Annette C. Hollmann ah690549 at mbcr.bcm.tmc.edu
Mon Oct 26 19:40:46 EST 1992


I think that at the undergraduate and graduate levels, sexual harrassment
is quite rare. If a professor has harrassed a student, the news will
quickly spread throughout the student population. Usually no official
complaints are made, but the professor will notice that students will come
to his office in groups rather than alone. He usually gets the hint - but
by then it is too late. His bad reputation will be with him
until the day he retires even if he never harasses another student. This
system of curtailing harrassment would not be possible without the
cooperation of both male and female students.
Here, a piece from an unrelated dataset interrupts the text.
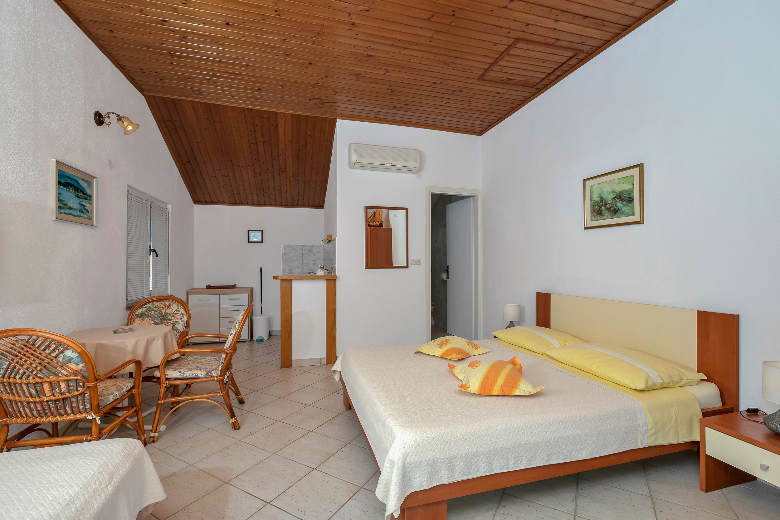Studio flat can accommodate 2 guests. Beds are situated in 1 sleeping rooms, within 22m2. Guests can use a private terrace to enjoy the warm summer evenings. The studio offers the sea view. INCLUDED IN THE PRICE: tourist tax, final cleaning, air-conditioning, parking, internet, boat mooring. OBLIGATORY ADDITIONAL COSTS: short stay fee (surcharge depending on a number of booked nights: 30% - 1, 20% - 2, 10% - 3). OPTIONAL ADDITIONAL COSTS: additional bed (€10.00 per night). The availability of additional services for your chosen dates of stay, as well as their prices (if none are listed) must be checked ahead of time. Any additional services not shown in the price calculation are payable directly to the property owner and only if used by the visitor.

What makes it so successful
is that professors who might be tempted to sexually harrass someone will
also get the hint and resist temptation.
If a graduate student is harrassed by a supervisor, the situation is very
different. The student cannot file a complaint and cannot leave the lab.
But she can pass on the message to new students so that they can avoid the
lab. This will create a femaleless  fl-  ;-) lab. fl- labs seem to be very
rare.
Sexual harrassment by fellow students is usually the result of immaturity
and will cease when either another student or a supervisor teaches the
brats how to behave. 99% of the time such childish behaviour ends at about
age 14, but has been known to persist into the late 20's in some individuals.


Annette

P.S. Are all women who have time for a career and a family superhuman? I
am in graduate school and I barely have time to take care of myself (i.e.
my place looks like ground zero). If I were not single I think I would
have burned out by now. I have been told that after graduate school things
don't get better, they get worse. Is that true?